## Data shown
*** Block opens ***
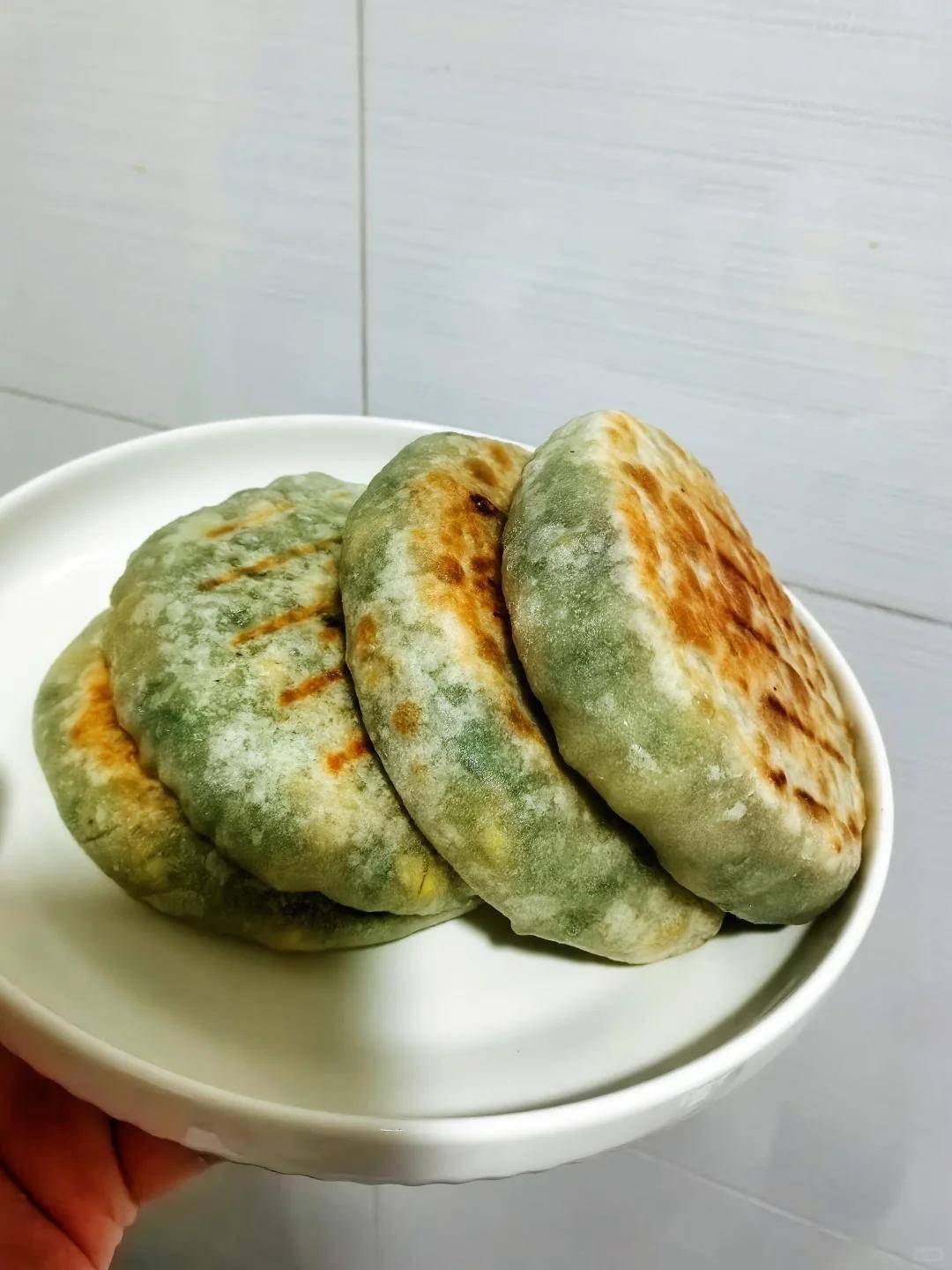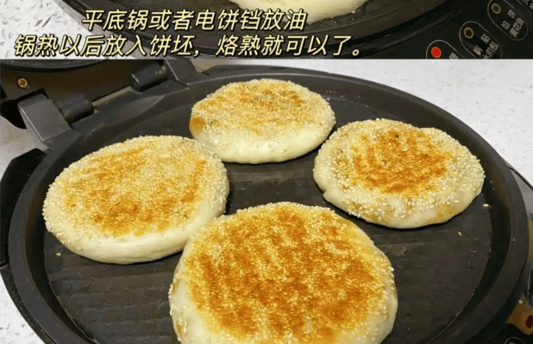 平底锅版:全程中小火,盖盖子,按一下饼的侧面能迅速回弹即熟。
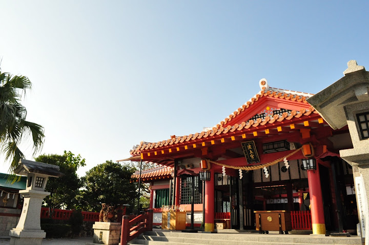 接著下去繼續往前走,離福州園很近的波上宮,完完全全傳統日式風格的神社,也瞧見了一些人很虔誠地朝拜,WOO…真的跟電視上演的一模一樣哎…
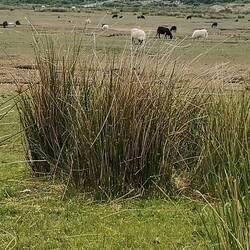Bei Ebbe kann man von unserem Stellplatz aus lange Wanderungen im Watt machen. Allerdings muss man sich unbedingt auf sichtbaren Pfaden bewegen, wenn man das Watt verlässt, da man sonst hoffnungslos in größeren und kleineren Sumpflöchern einsinkt und man keine Chance hat auszuweichen. Das können nur die vielen Schafe, die da herumstehen.
*** Block closes ***
## What needs to be done
The whole listing should be transcribed exactly, though its pictures must be left out.

## Worked solution
 平底锅版:全程中小火,盖盖子,按一下饼的侧面能迅速回弹即熟。
 接著下去繼續往前走,離福州園很近的波上宮,完完全全傳統日式風格的神社,也瞧見了一些人很虔誠地朝拜,WOO…真的跟電視上演的一模一樣哎…
Bei Ebbe kann man von unserem Stellplatz aus lange Wanderungen im Watt machen. Allerdings muss man sich unbedingt auf sichtbaren Pfaden bewegen, wenn man das Watt verlässt, da man sonst hoffnungslos in größeren und kleineren Sumpflöchern einsinkt und man keine Chance hat auszuweichen. Das können nur die vielen Schafe, die da herumstehen.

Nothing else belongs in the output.